Unfortunately the reign of hops was not to last and by the 1880s the wine grape began to supersede it. Our area’s brief beer-boom fizzled out. It’s not certain how far into the 1880s Mr. Smith continued to operate Lake Brewery. When a company out of Oakland published a publicity book advertising the benefits of living in Lake County in 1885 there was no mention of the brewery — even though the book went to great lengths to touch upon every beneficial detail of the county, including its abundant production of wine. By 1896 when he registered to vote, Mr. Smith indicated his occupation was a simple farmer — not a brewer as he identified himself in the 1880 census.

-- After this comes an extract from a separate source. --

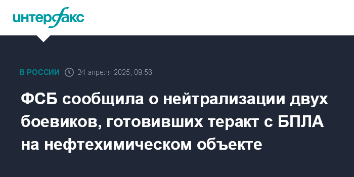 Москва. 24 апреля. INTERFAX.RU - ФСБ сообщила, что в Нижегородской области в ходе боя были ликвидированы двое уроженцев Средней Азии, готовивших теракт с использованием БПЛА по заданию украинского куратора.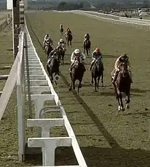 Nijinsky's first four races were all at the Curragh. In June, he started at odds of 4/11 and won the six-furlong Erne maiden race easily.[7] He followed up with wins in the Anglesey Stakes and the Railway Stakes. On his fourth appearance, he was extended for the first time in the Beresford Stakes. He won decisively from Decies, a colt who went on to win the Irish 2000 Guineas in 1970. Having proved himself the best of the Irish two-year-olds, he was sent to England in October to contest the Dewhurst Stakes at Newmarket. Ridden for the first time by Lester Piggott, he was held up at the back of the six-horse field before moving through to take the lead inside the final furlong, earning top rating in the British Free Handicap.[8][9]

There were some setbacks in the hops industry in the 1880s and 1890s that might have precipitated the closing of the brewery. In 1887, there was an outbreak of “hops lice” (common aphids) which halted production and caused the fields to be abandoned for the season. Far more voracious than aphids — but just as pesky — the temperance movement and their anti-alcohol agenda appeared early in Lake County. The benefit society of the Order of Good Templars — an organization that had as their chief concern restricting the production, sale and consumption of alcohol — had chapters in the area as early as the late 1860s.

In 1894, county-wide liquor laws were finally passed, prohibiting the sale of “spirituous, vinous, malt or maized liquors”. Shortly after this, the San Francisco Brewer’s Protective Association blasted the law in the San Francisco Call, stating that it was “against the best interest of the State.” In a response akin to cutting off their nose to spite their face, the association resolved not to buy any hops grown within Lake County’s limits until the law was repealed. That, of course, hardly made matters better for the local hops farmers and brewers. For the next 20 years, Lake County often made and redacted prohibition laws, restricting the buying and selling of both hops and alcohol.

The rest of the story is known. More resilient than hops, the wine grape found fertile ground in post-prohibition Lake County. Perhaps we would be a beer county if it weren’t for the quirks of history. We beer lovers will have to settle with mementoes like the sausage stuffer to remind ourselves of what could have been.